Set it to 300. Made no difference.

Can you try reducing the number of processes started to something like 20, and see if that works? You might still be hitting that 1024 files open ulimit, as a single julia processes opens multiple files (shared libraries, sys.so, etc.)

EDIT: 1024 is a pretty small ulimit for the number of open files on a cluster. You or your cluster admin should consider increasing that (assuming you have lots of RAM to make use of, you could safely increase it by at least an order of magnitude).

1 Like

1024 is the value of ulimit -n, so I believe it is set per process. When I check the number of files opened by Julia via lsof -p <julia_pid>, I get nowhere near this limit. Is lsof the right way to check this? Should I be looking at other processes (perhaps, ssh)?

I’m rather sure ulimit -n is per-user, not per process, but I could be wrong. Also, lsof -p <julia_pid> only works for a single process, but I assume you’re launching multiple processes (80 of them). I’d multiply whatever number you get with that command by 80 to get a rough idea of how many open files you have.

Also, this could totally be memory exhaustion, so if you can, check dmesg | tail to see if the OOM killer was invoked on some of your Julia processes.

Yes, but you are outside the network which the compute nodes are on.
Could this be a DNS resolution problem?

Hmmm… you are using node_ip so you use IP addresses not hostnames.

Quick test - can you ssh -J jumphost -L node_ip

On some clusters ssh access to nodes is locked down, but in this case I think probably not.

To clarify, the ssh processes are spawned by julia. Access is not a problem, because adding a single worker works.

Have you resolved the issue?

If not, perhaps try using a lower setting for max_parallel (or leave at default 10).

See also this discussion: ClusterManager should use dispatch instead of function pointers · Issue #8168 · JuliaLang/julia · GitHub

Have you tried to increase MaxSessions in sshd_config, the default is 10.

See e.g.:
https://unix.stackexchange.com/a/28085

Hey,

Thanks for all the links, this is really helpful.

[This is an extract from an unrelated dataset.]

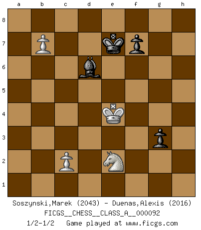 Last move : 1/2-1/2 2011 April 15 1:16:53 [Event "FICGS__CHESS__CLASS_A__000092"] [Site "FICGS"] [Date "2011.03.27"] [Round "1"] [White "Soszynski,Marek"] [Black "Duenas,Alexis"] [Result "1/2-1/2"] [WhiteElo "2043"] [BlackElo "2016"] 1.e4 e5 2.d4 exd4 3.Qxd4 Nc6 4.Qe3 Nf6 5.Bd2 Bb4 6.Nc3 O-O 7.O-O-O Re8 8.Qg3 Rxe4 9.a3 Bd6 10.f4 Re8 11.Bd3 Bf8 12.Nf3 d5 13.Rhe1 Ne7 14.Qf2 Nf5 15.Re5 Ng4 16.Rxe8 Qxe8 17.Qe1 Qxe1 18.Rxe1 Nf6 19.g4 Nxg4 20.Nxd5 Bd7 21.Ne5 Nxe5 22.Rxe5 Nd4 23.Rg5 Bc6 24.Nf6+ Kh8 25.Nxh7 Be7 26.Rg3 Kg8 27.Ng5 Rd8 28.Bc3 b6 29.h4 Bd6 30.Nh3 Bf8 31.Kb1 Be8 32.h5 c5 33.Ng5 Rd6 34.Rg1 a5 35.Bc4 b5 36.Re1 bxc4 37.Rxe8 Rh6 38.Bxd4 cxd4 39.Nf3 Rxh5 40.Nxd4 g6 41.Rc8 Rh1+ 42.Ka2 Rf1 43.Rxc4 Rxf4 44.b4 axb4 45.axb4 g5 46.b5 g4 47.b6 Bd6 48.b7 Kg7 49.Kb3 g3 50.Ne2 Rxc4 51.Kxc4 Kf6 52.Kd5 Ke7 53.Ke4 1/2-1/2 Centre game : Berger variation Kingside Castling by player Black (move 6) Queenside Castling by player White (move 7) 10 pieces endgame at move 45 : White KRNPP , Black KRBPP WHITE : King + 1 Rook 1 Knight 2 Pawns BLACK : King + 1 Rook 1 Bishop 2 Pawns 9 pieces endgame at move 50 : White KNPP , Black KRBPP WHITE : King + 1 Knight 2 Pawns BLACK : King + 1 Rook 1 Bishop 2 Pawns 8 pieces endgame at move 51 : White KNPP , Black KBPP WHITE : King + 1 Knight 2 Pawns BLACK : King + 1 Bishop 2 Pawns This chess game ended in a draw. Follow this game move after move (download)Chess is imagination. (David Bronstein) Über Frauen: Chess is better. (Robert James Fischer) Los problemas de Ajedrez exigen del compositor las mismas virtudes que caracterizan todo el arte de valor: originalidad, invención, concisión, armonía, complejidad e insinceridad explendida. (Vladimir Nabokov) On est toujours la mazette de quelqu'un d'autre. (Anonyme) Is not life a hundred times too short to bore ourselves ? (Friedrich Nietzsche)

I suspect the original issue was indeed with constrained resources on the jump host. The thing is, the jump host is shared by several clusters, one of which is production-critical. I am using the other one (the ‘research’ one). So, if I consume all file descriptors on the jump box, there will be many unhappy users. The upshot is that I could not persuade our admins to increase the ulimit -n quota on the jump box. They did increase it on the cluster nodes, though.

I managed a workaround by getting a little creative with my ~/.ssh/config:

Host jumphost
        ControlMaster auto
        ControlPath ~/.ssh/control/%n
        ControlPersist 10m

Host node*
        ProxyJump jumphost

Now, the problem is gone when I call addprocs(...) for each node one by one, with :auto workers on each node. However, the issue still manifests itself when I try to add them all in one go, supplying an array of node tuples. By looking at the code, I suspect there are (at least) two bugs here:

  • The ssh tunnel sleeps for 60 seconds, regardless of the value of JULIA_WORKER_TIMEOUT environment property. If my workers are slow, they will not manage to connect to the master in time, and there is no way for me to control the timeout.
  • In this scenario, rather than reporting an error, the addprocs() call just hangs.

Should I raise these as bugs, or has this already been reported?

I can imagine these issues could (possibly) be circumvented by tweaking the settings of sshd on the jump host, as suggested by @KajWiik, but with our shared setup I don’t think the admins will be easily persuaded.